Background: Falls are dangerous to the health of older adults and can impact their functional status leading to frailty. The use of potentially inappropriate medications (PIMs) among older adults lead to adverse health outcomes and increase the risk of falls. Polypharmacy is a state in which five medications, or more, are consumed concurrently. Polypharmacy increases the incidence of falls. Beers criteria by American Geriatric Society is one of the many criteria used to detect PIMs. It assesses the appropriateness of drug prescriptions i.e., correct dose, duration, and indications to ensure the safety of these drugs and decrease the hazards of side effects and reduce drug interactions. Method: A total of 387 outpatients aged 60 or older were physically interviewed, the patients were recruited from University Hospital and Family Medicine Center in Khobar city, Saudi Arabia, between the period of November 2021 to March 2022. All Patients were able to walk independently. The survey began by collecting patients’ demographics, medications history, three key questions to detect the risk of falls which was developed by the Center of Disease Control (CDC). Polypharmacy defined as (concurrent use of five or more medications), and PIMs defined as (use of one or more medication in the Beers list) were examined against risk of falls in elderly. Multiple logistic regression analyses were used to adjust for confounders. Result: A total of 387 patients participated in the study, 62% were male, most participants belonged in the 60 < 65 years age category (47.80%). Among all patients, 55% had a high risk of falling and 21 % of patients had fell during the past year.

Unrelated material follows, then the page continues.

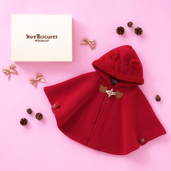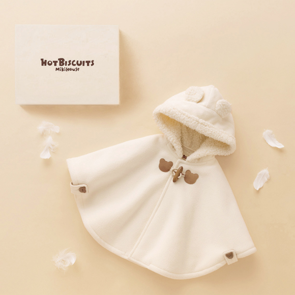 大切な贈り物だから、見た目にもこだわりたい。このマントセットは、ミキハウス ホットビスケッツのロゴが入った上品なギフトボックスでお届けします。箱を開けた瞬間の、喜ぶ顔が目に浮かぶよう。出産祝いはもちろん、お誕生日やクリスマスなど、心からの「おめでとう」を伝えたい特別な日に、最高の笑顔を咲かせるプレゼントを贈りませんか。
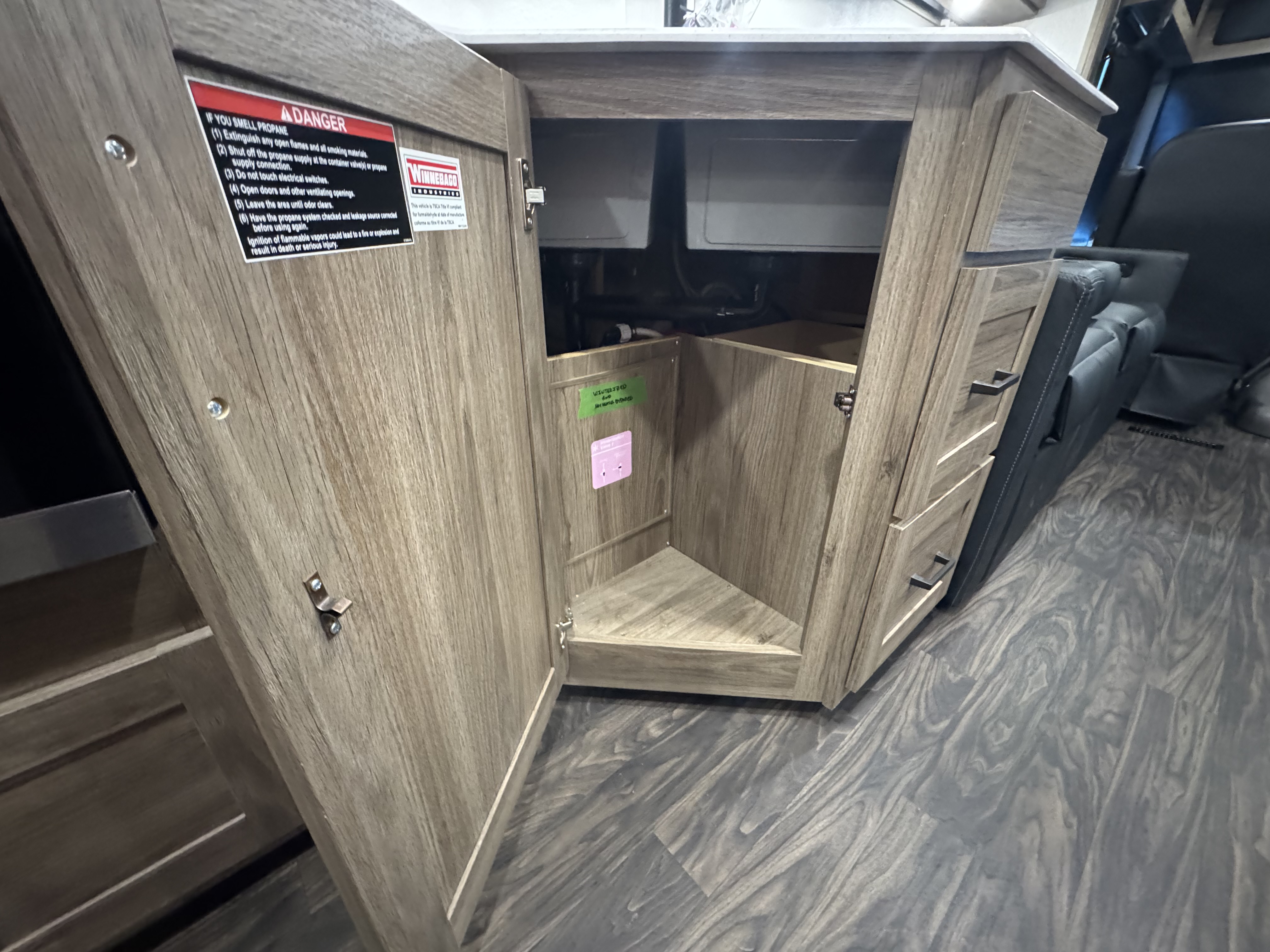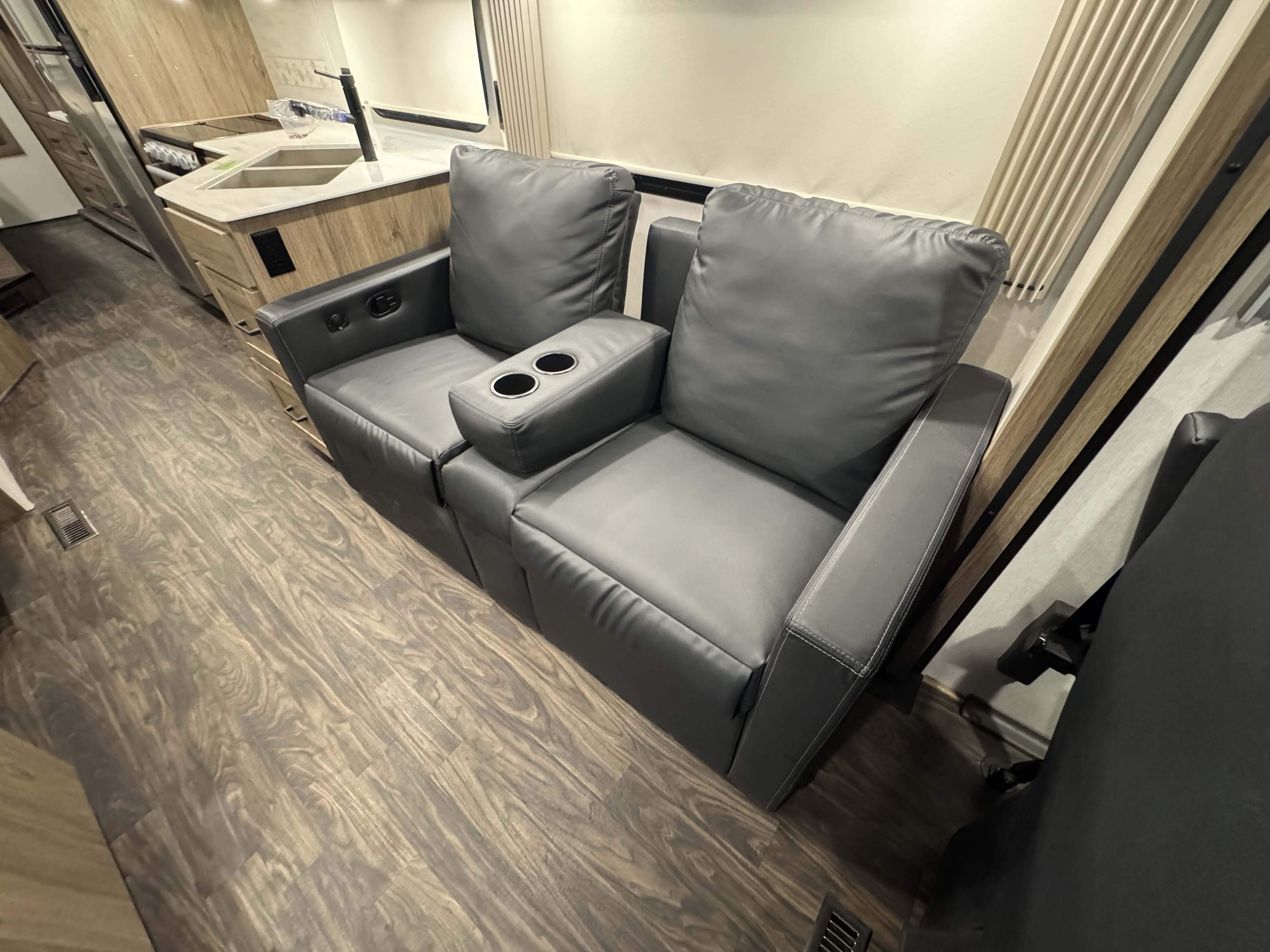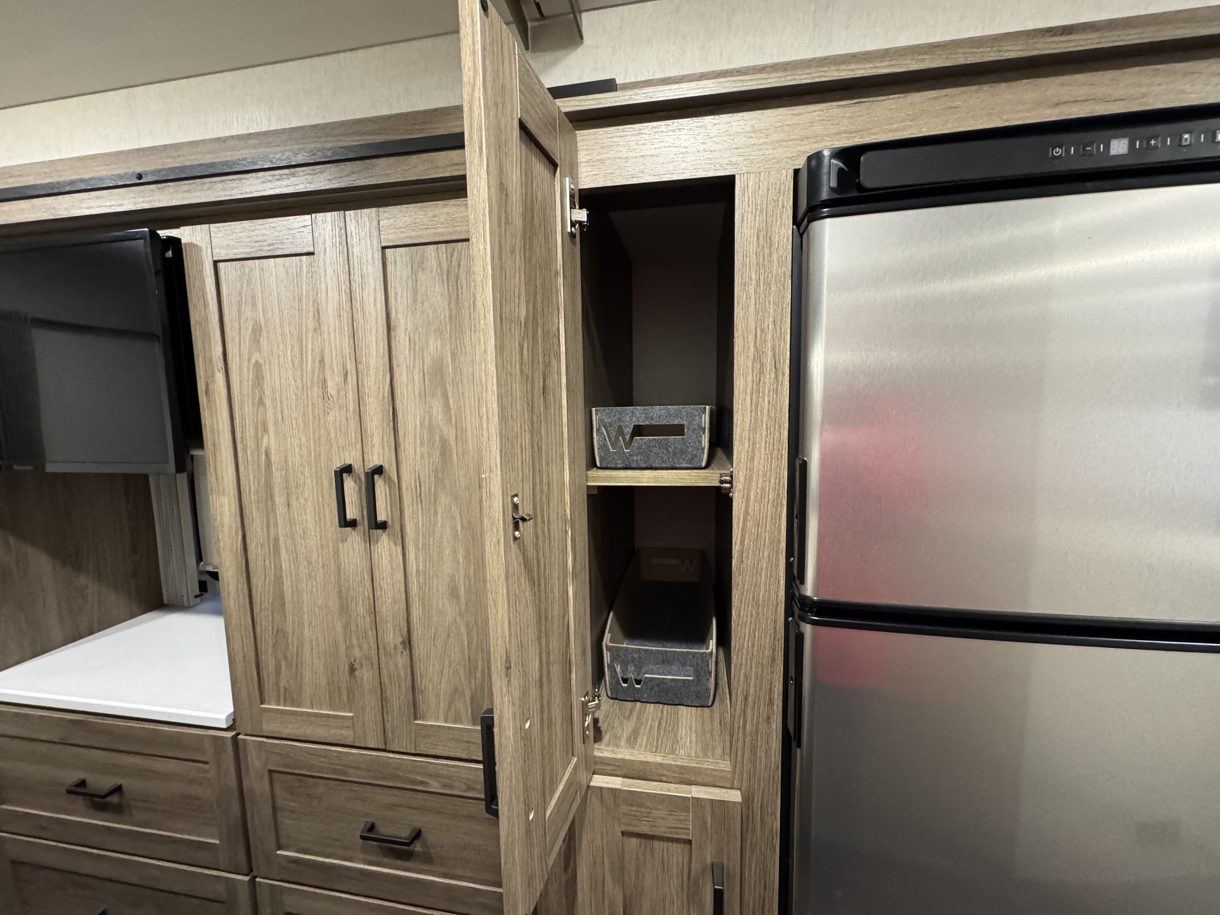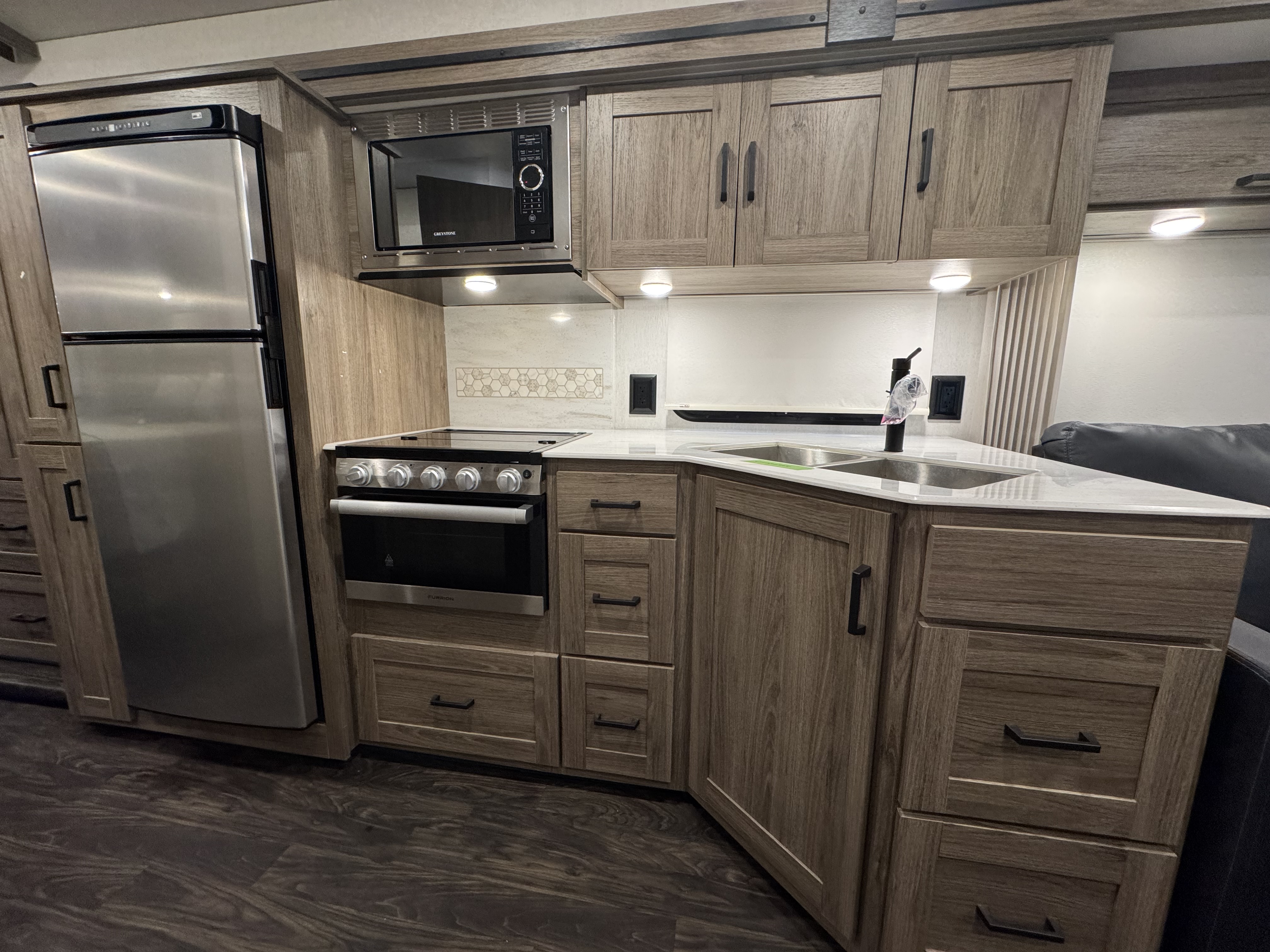 The Tailgate Package is perfect for entertaining or cooking while chilling outside. The exterior galley includes a refrigerator, sink, LP Quick-Connect for a portable stove or grill, and other convenient accessories.

Polypharmacy applied to 50.90% of all patients, while Beers criteria positive group applied to 51.42%. Risk of falls and prior falls were associated with polypharmacy both before and after adjustment.Conclusion: The results showed a significant association between risk of falls with polypharmacy and PIM’s, more than half of our study population had a high risk of falls. Of those at a higher risk, one out of five had indeed experienced a fall in the last 12 months. Higher rates of falls were associated with older age, lower educational levels, female gender, and cardiovascular medications.